- **Task directions**
Nothing but the lines below from the one that contains "is the true" through the one that contains "Retro Couture - Vintage" should be retyped, exactly and including both ends. Do not include pictures.

- **Entries shown**
* * *

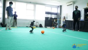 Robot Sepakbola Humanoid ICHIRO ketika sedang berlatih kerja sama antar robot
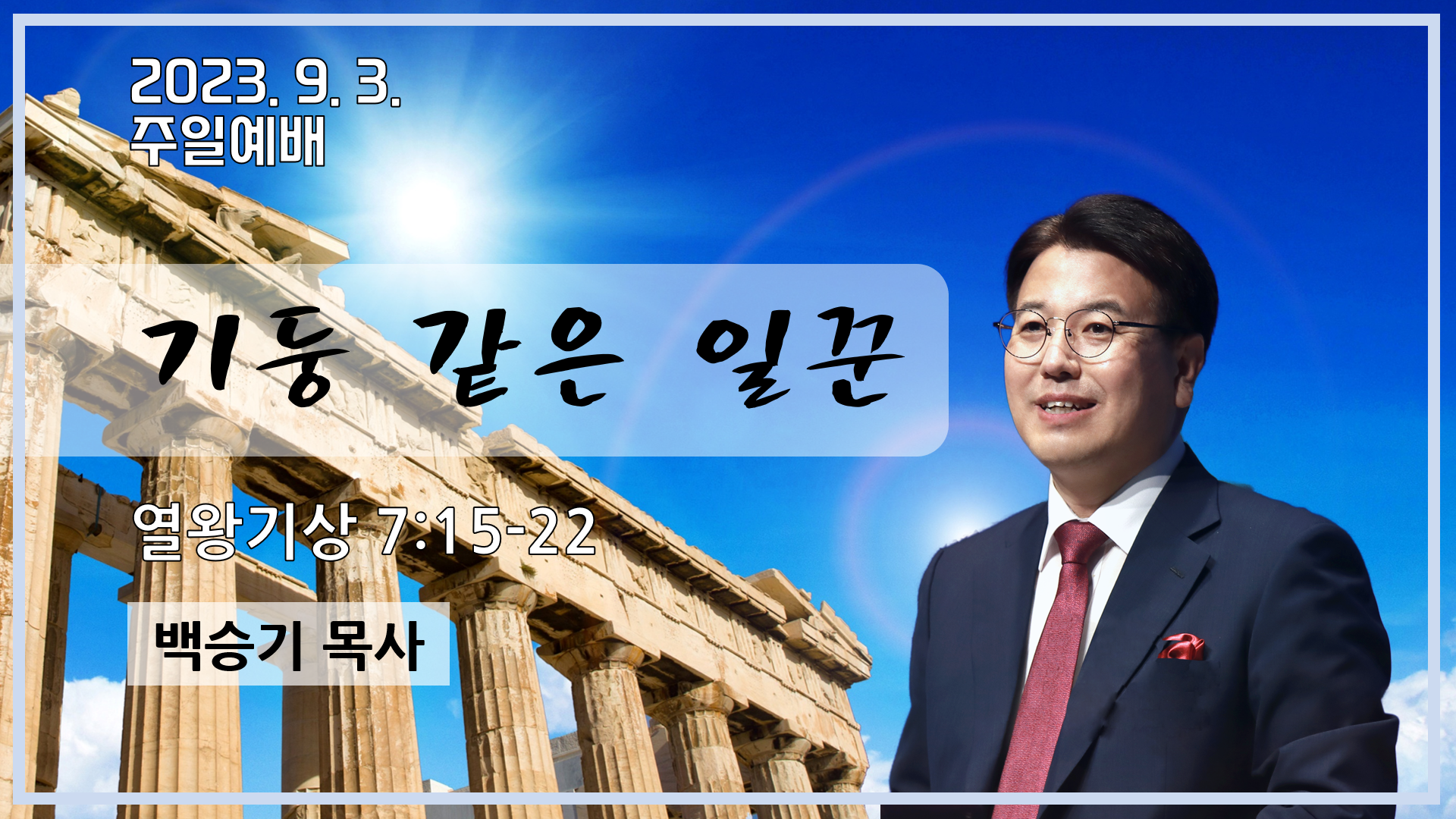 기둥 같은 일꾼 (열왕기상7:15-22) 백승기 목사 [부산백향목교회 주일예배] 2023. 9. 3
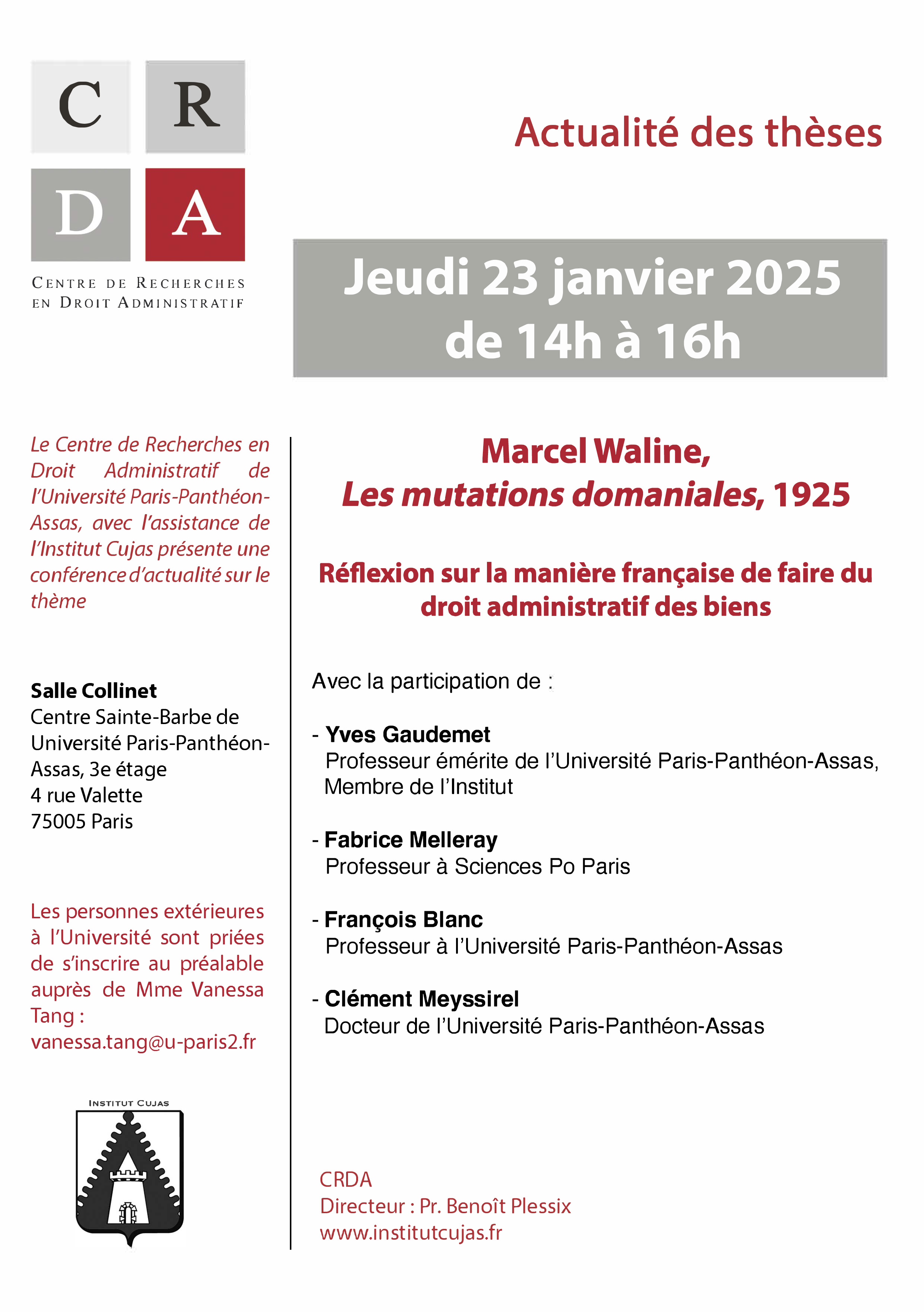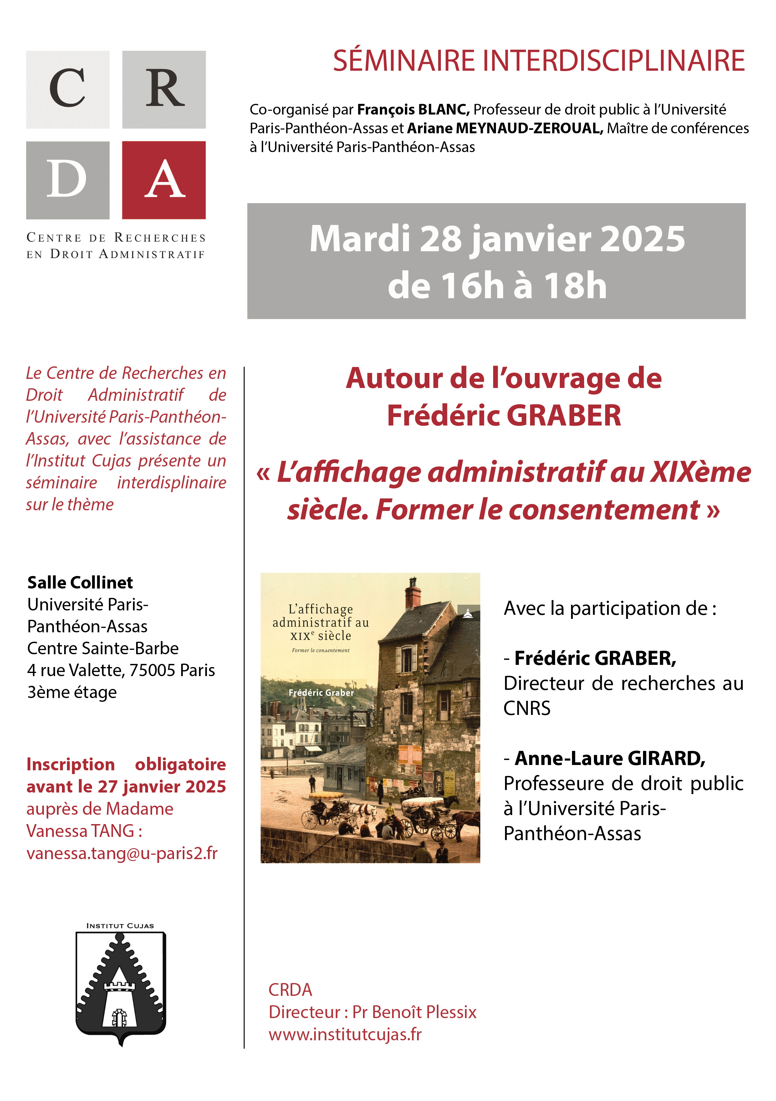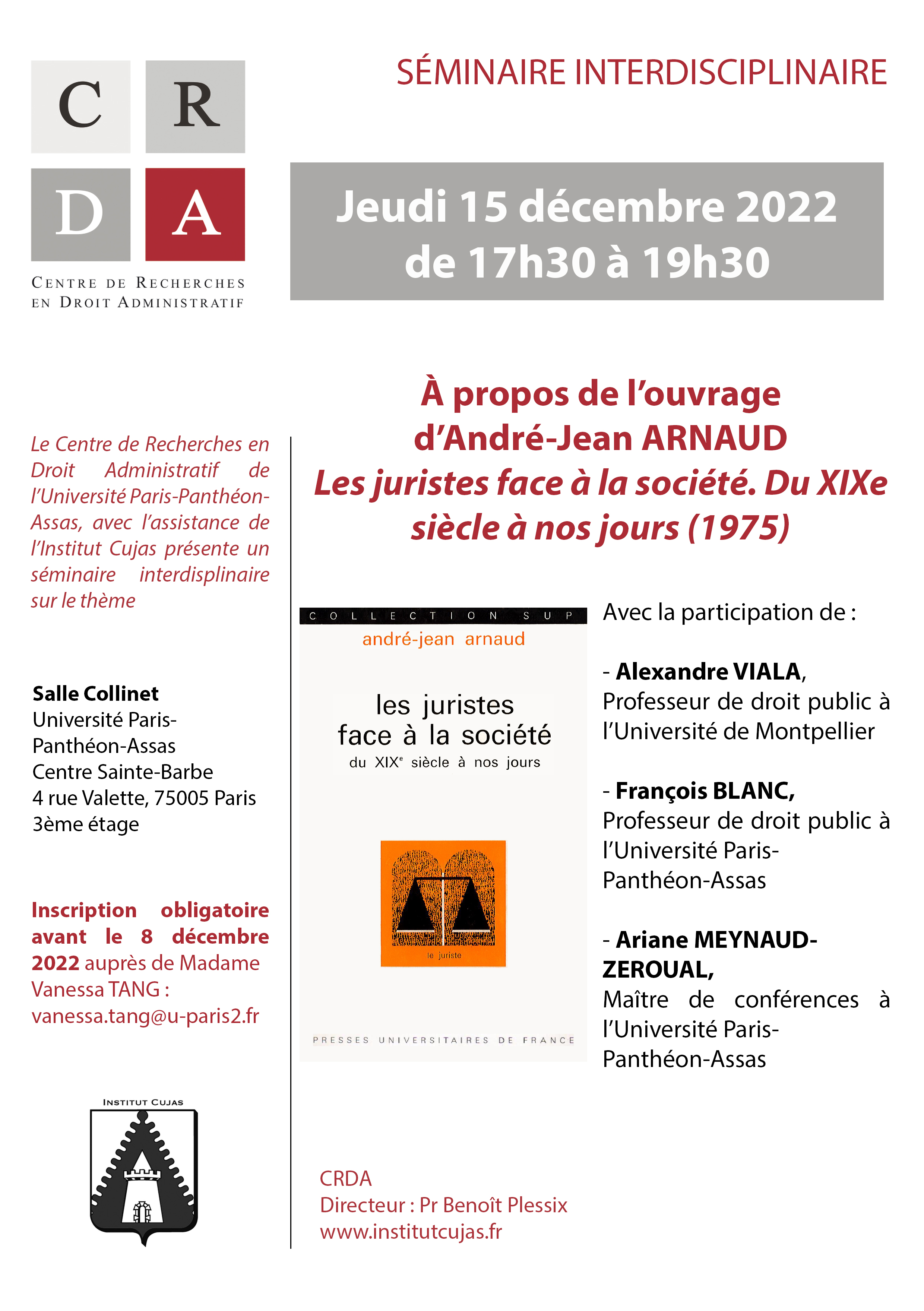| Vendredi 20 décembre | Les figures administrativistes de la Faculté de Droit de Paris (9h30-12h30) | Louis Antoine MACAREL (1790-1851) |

* * *

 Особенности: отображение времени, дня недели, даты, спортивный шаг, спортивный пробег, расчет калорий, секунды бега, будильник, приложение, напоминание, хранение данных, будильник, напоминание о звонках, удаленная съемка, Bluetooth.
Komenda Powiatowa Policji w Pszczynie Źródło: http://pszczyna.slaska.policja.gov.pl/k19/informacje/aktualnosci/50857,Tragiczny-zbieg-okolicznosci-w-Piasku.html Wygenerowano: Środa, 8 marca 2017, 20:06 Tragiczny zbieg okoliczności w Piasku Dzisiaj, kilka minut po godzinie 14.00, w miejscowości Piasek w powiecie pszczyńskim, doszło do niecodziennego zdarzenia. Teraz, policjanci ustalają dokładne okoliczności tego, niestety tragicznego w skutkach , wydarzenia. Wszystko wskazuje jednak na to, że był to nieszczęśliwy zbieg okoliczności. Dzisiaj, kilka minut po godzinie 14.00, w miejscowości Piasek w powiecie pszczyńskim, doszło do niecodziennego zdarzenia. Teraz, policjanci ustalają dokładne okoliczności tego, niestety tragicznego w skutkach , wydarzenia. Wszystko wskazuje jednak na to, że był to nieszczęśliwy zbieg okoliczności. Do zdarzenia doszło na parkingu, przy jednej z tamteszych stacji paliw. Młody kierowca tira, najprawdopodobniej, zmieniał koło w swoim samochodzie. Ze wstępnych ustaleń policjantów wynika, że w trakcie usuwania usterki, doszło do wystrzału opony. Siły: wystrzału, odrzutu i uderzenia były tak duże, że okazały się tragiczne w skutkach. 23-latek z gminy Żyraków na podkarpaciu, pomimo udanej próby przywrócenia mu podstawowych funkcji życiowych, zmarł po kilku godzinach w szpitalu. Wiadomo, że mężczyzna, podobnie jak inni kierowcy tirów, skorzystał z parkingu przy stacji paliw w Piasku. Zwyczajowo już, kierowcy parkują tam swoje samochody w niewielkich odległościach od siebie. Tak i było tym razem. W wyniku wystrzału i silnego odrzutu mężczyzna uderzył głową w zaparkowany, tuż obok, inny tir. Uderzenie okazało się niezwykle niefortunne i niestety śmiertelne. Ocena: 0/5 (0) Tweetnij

* * *

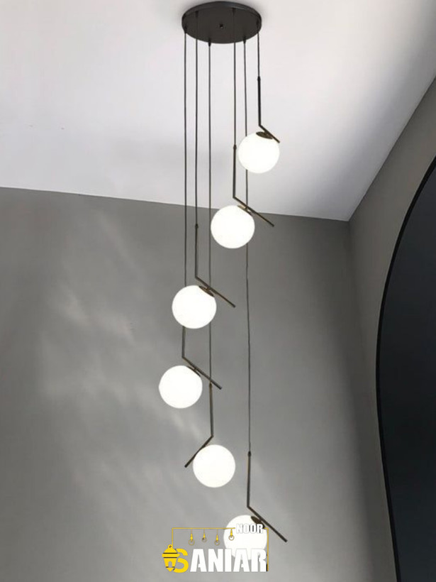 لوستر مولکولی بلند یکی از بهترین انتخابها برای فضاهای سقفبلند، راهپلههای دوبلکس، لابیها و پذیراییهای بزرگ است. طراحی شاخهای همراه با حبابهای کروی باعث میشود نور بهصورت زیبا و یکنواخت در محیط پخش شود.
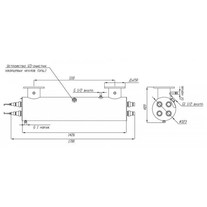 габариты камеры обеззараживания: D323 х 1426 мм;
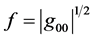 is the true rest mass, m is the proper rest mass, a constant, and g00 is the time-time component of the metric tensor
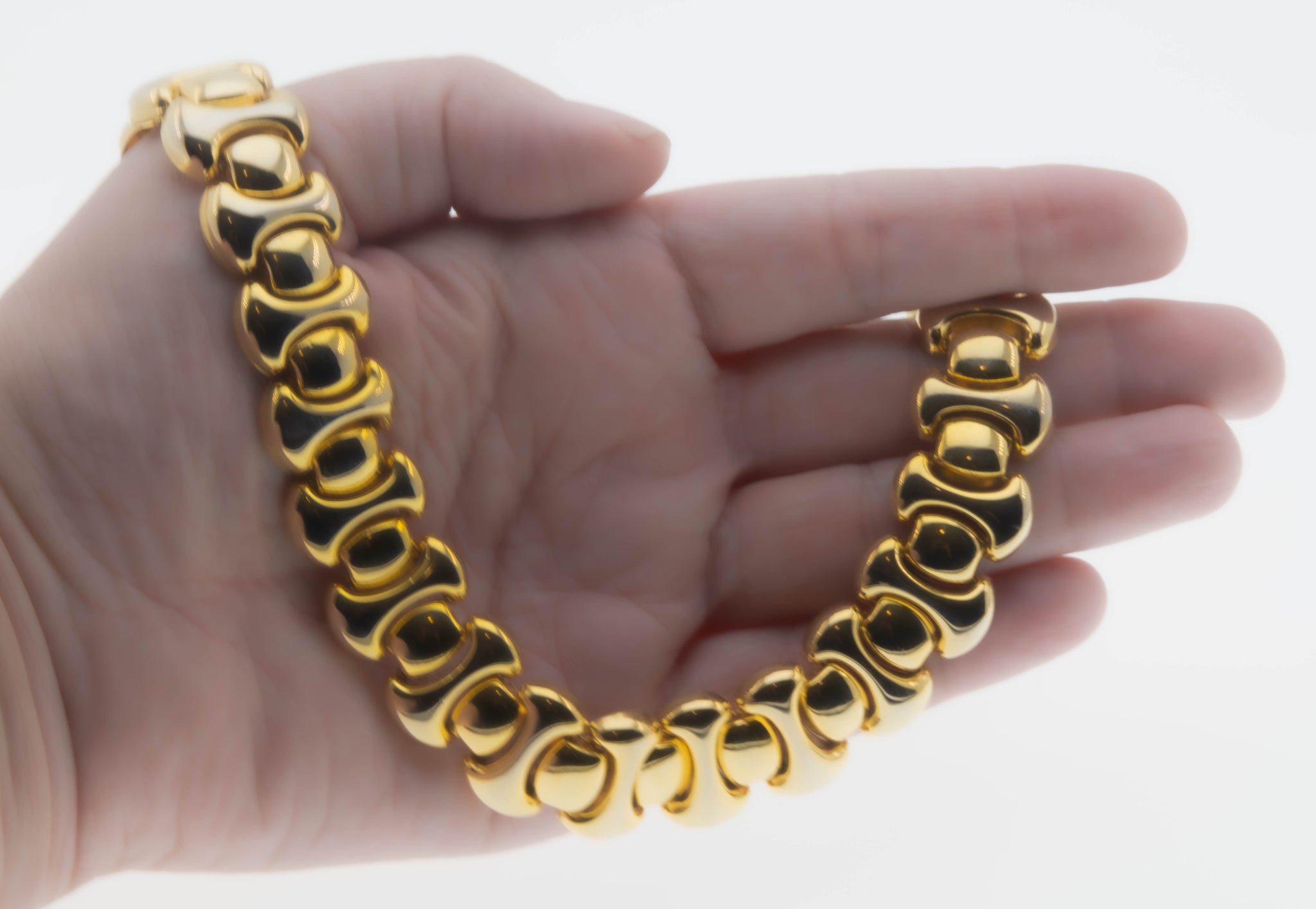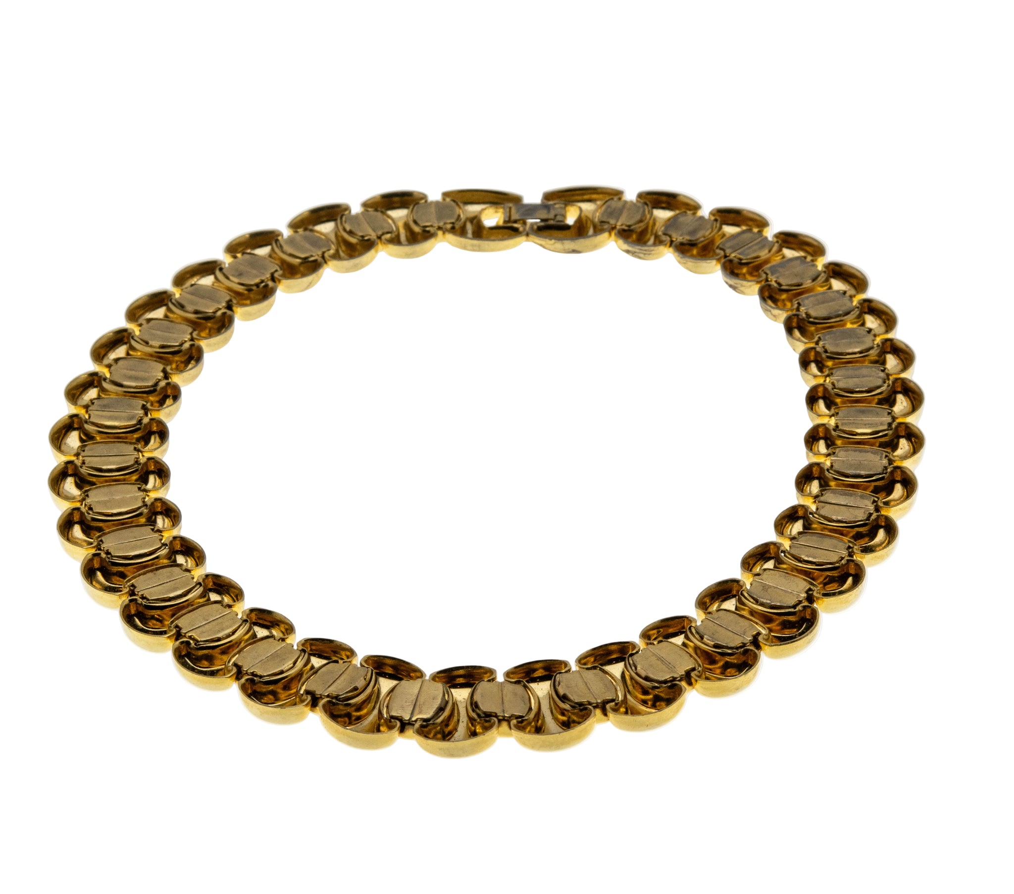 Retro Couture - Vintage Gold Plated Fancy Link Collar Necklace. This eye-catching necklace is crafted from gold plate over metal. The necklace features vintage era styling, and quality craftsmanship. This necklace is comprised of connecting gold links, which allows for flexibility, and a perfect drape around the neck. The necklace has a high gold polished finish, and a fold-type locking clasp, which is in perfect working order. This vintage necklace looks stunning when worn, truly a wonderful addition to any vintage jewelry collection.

* * *

- **Output of the exercise**
 is the true rest mass, m is the proper rest mass, a constant, and g00 is the time-time component of the metric tensor
 Retro Couture - Vintage Gold Plated Fancy Link Collar Necklace. This eye-catching necklace is crafted from gold plate over metal. The necklace features vintage era styling, and quality craftsmanship. This necklace is comprised of connecting gold links, which allows for flexibility, and a perfect drape around the neck. The necklace has a high gold polished finish, and a fold-type locking clasp, which is in perfect working order. This vintage necklace looks stunning when worn, truly a wonderful addition to any vintage jewelry collection.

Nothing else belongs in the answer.